I've been using liquid smoke with the marinade and doing the jerky in the dehydrator and I add the appropriate amount of cure #1 to the mix.

I want to try it on my Lang 60D for some better smoke flavor but it tough keeping the main chamber temps below 200º. I also have an A-Maze-N-Pellet Smoker with some apple and some hickory pellets. When using just the pellet smoker the main chamber of the Lang shows almost no heat.

I'll try to pick a cool day this winter but it's Florida so a really cold day is hard to predict.

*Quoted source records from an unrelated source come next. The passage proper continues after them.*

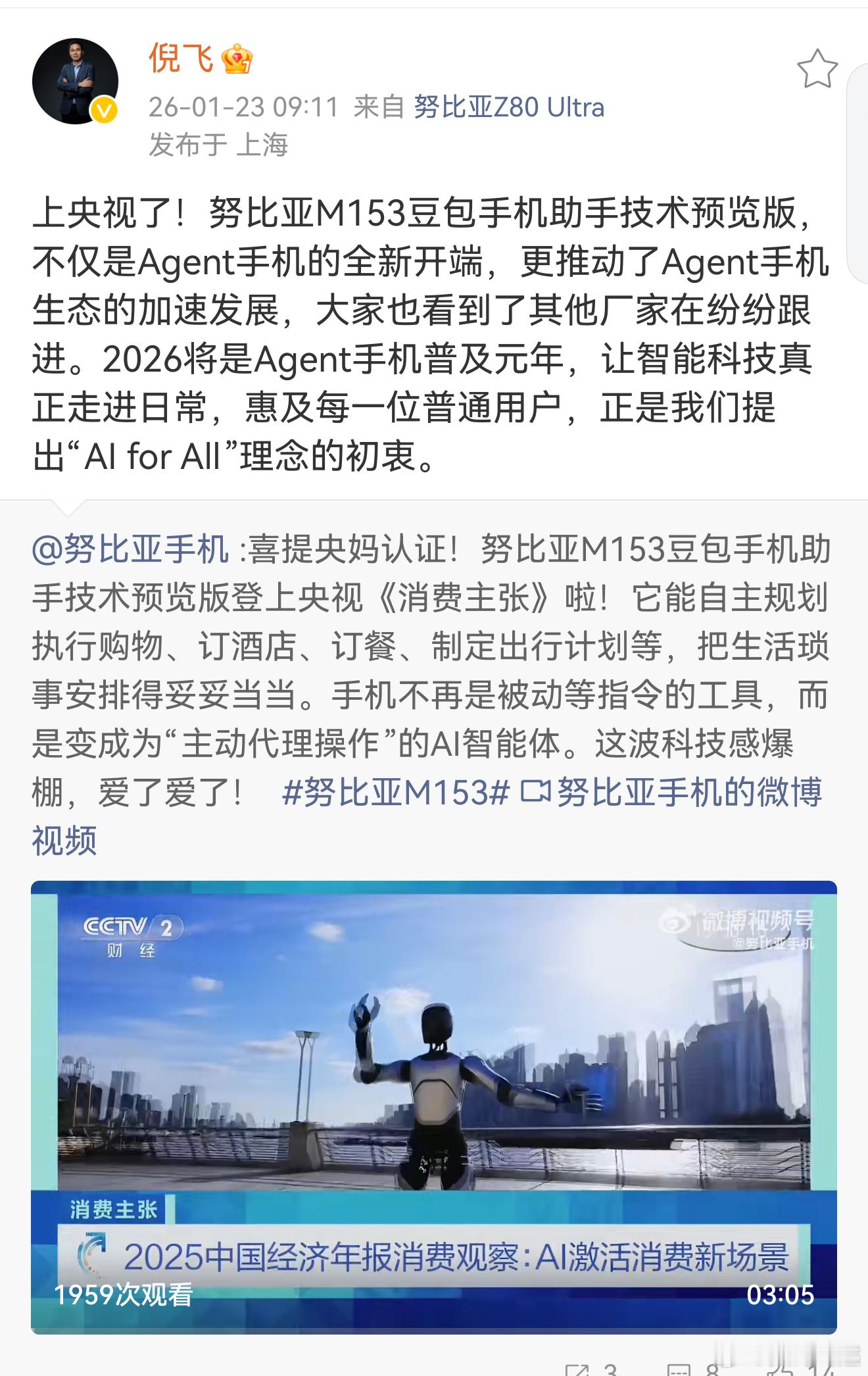 努比亚M153豆包手机真的排面了,这次直接上央视报道,这款产品的讨论度一直居高不下,我觉得主要还是因为其带来了很多大家意想不到的东西,倪飞总也转发,并且称2026将是Agent手机普及元年,对于这一点我非常认同,2026注将是不平凡的一年,手机行业也将迎来更大的发展,而AI绝对是主角,将会影响到大家的衣食住行各个方面,通过好用的功能,切切实实为大家带来很多的便利点,还是非常期待的!倪飞称2026将是Agent手机元年
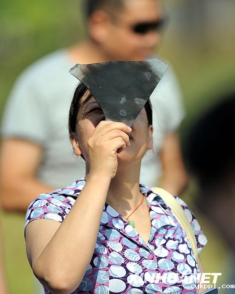 7月22日,一名九江市民透过熏黑的玻璃观看日食奇观。新华社记者章武摄
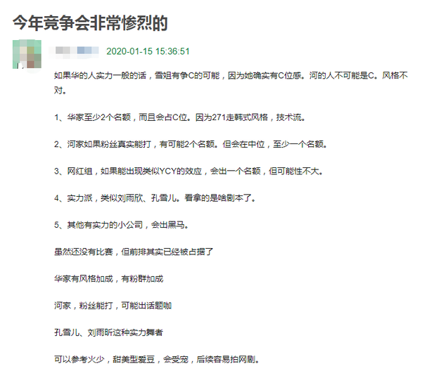 有路透说孔雪儿、许佳琪以及喻言初评级都是A,更是C位热门人选。
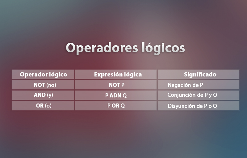 Operadores lógicos: utilizados para representar condiciones lógicas (verdadero o falso).
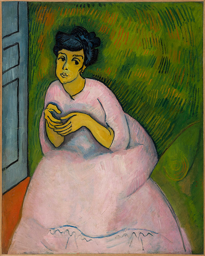 《穿粉色衣服的女士》,1908年,布面油畫,81 × 65 厘米 ? Adagp, Paris Cre?dit photographique ? Centre Pompidou, MNAM-CCI Bertrand Pre?vost Dist. RMN-GP
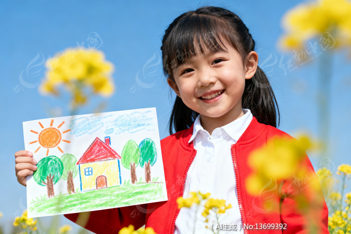 小女孩手持彩色画展示背景蓝天黄花
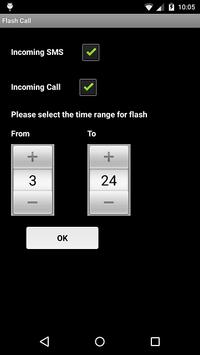 Features are : - Enable/disable flash for incoming call and SMS. - Provision are made for the user to set the time range for flash.
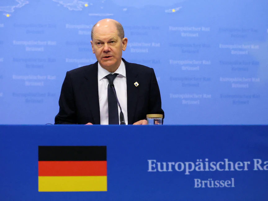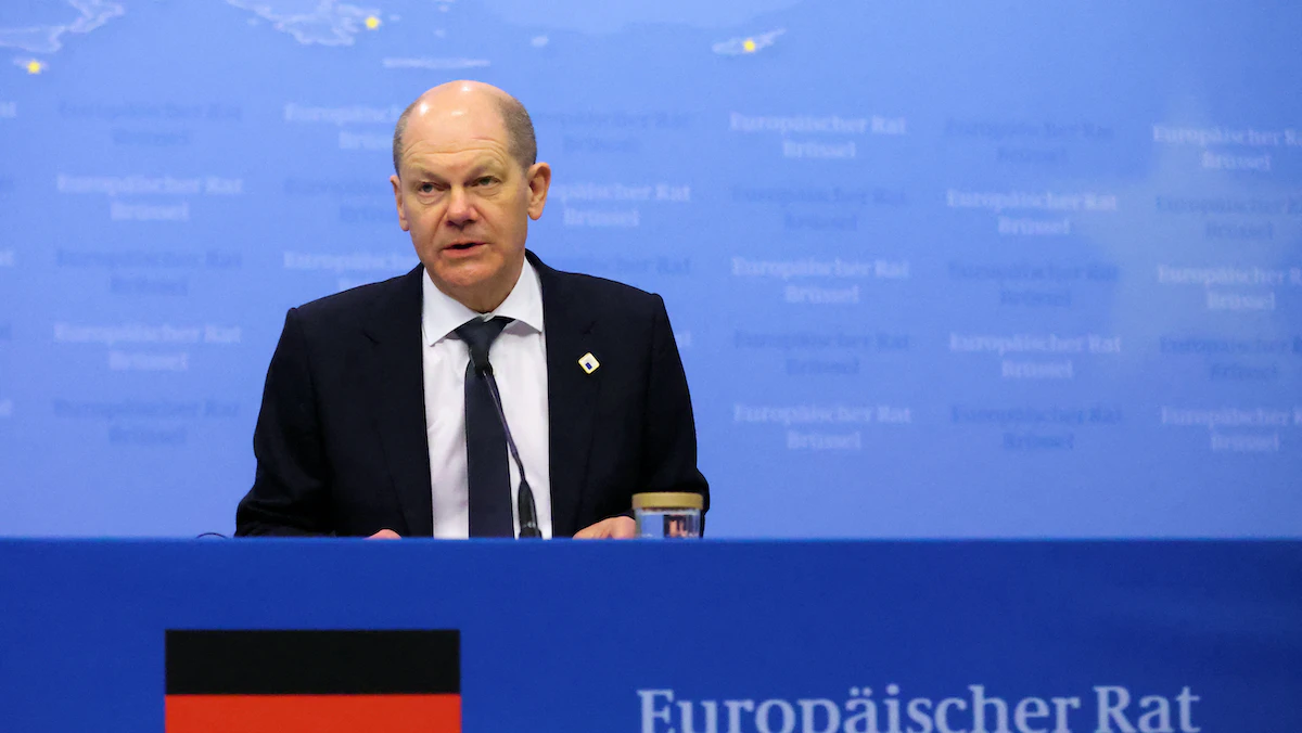 المستشار الألماني أولاف شولتز يتحدث بعد قمة زعماء الاتحاد الأوروبي في بروكسل- 25 مارس 2022 - REUTERS
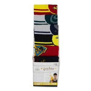 Harry Potter Hogwarts casual crew socks, 6 pairs each with a different design. Elastic cuff and reinforced toe. MEN'S SIZE 8-12, however they can be worn by women as well. Just keep in mind the men/women size conversion. These make a great gift. New, in original packaging.
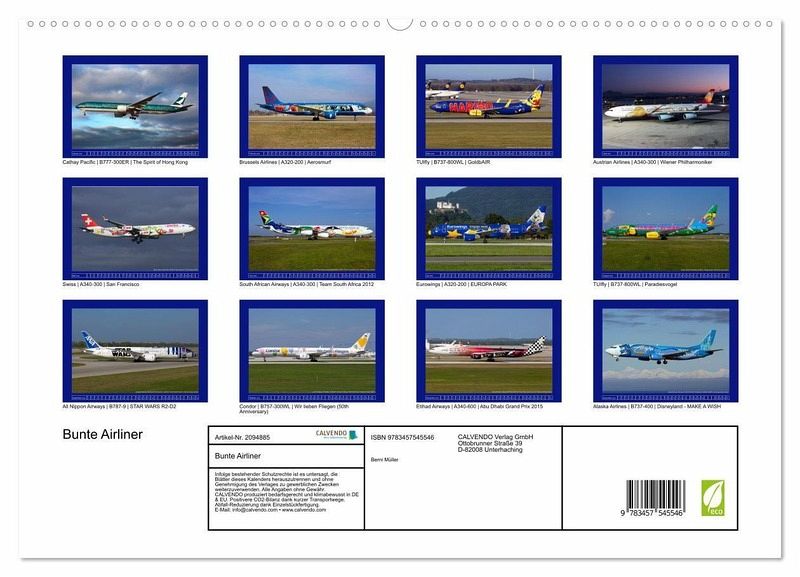 PREMIUM-LINIE - Brillanter Fotokalender mit 12 wunderschönen Motiven, Kunstdruck in Hochglanz in Museumsqualität.QUALITÄT - edle Materialien, stabile Rückwand mit 2 innovativen Einstecktaschen für eine optimale Präsentation an der Wand.NACHHALTIG - deutliche Abfallreduzierung durch bedarfsgerechte Einzelstückfertigung, umweltfreundliches FSC-zertifiziertes Papier, Produktion in Deutschland, klimabewusste Logistik.PERFEKTES GESCHENK - Kalender für Freunde und Familie, für Kinder und Erwachsene, jung und alt, zu Weihnachten, Geburtstag oder zwischendurch.Linienflugzeuge mit Sonderbemalungen von Autor(in): Bernhard Müller
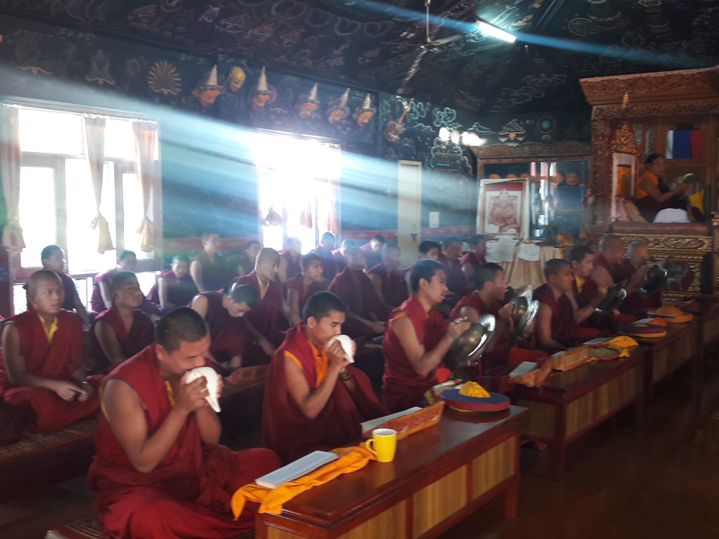 Sachen Trust made flower offering during the Mahakala Grand Ritual at the Sakya centre monastery on 30th October, 2016. This ritual, for overcoming obstacles in one’s spiritual path and one’s life, was performed by monks of Sakya centre, where prayers, rituals are performed for the removal of obstacles and success in all beings’ activities, leading to peace and happiness.

How long can I safely smoke the marinated jerky before I need to move it to the dehydrator?

Thanks for any info.


----------



## dward51 (Dec 23, 2016)

Have you tried a very small fire in the Lang?  I've seen people make small fire baskets from expanded sheets that initially are lit with charcoal and then topped with fist sized chunks of smoke wood and replenished with more chunks through the smoke.

This is another option (not my photo)













SAM_1743_zps796c8da5.jpg



__ dward51
__ Dec 23, 2016


----------



## johnh12 (Dec 23, 2016)

Haven't tried that yet but may have too if it's not safe to use the pellet smoker.


----------



## crankybuzzard (Dec 23, 2016)

JohnH12 said:


> Haven't tried that yet but may have too if it's not safe to use the pellet smoker.



As long as you are using cure, you can cold smoke with the AMAZEN without issue.   Let it smoke for a few hours and then transfer to the dehydrator.


----------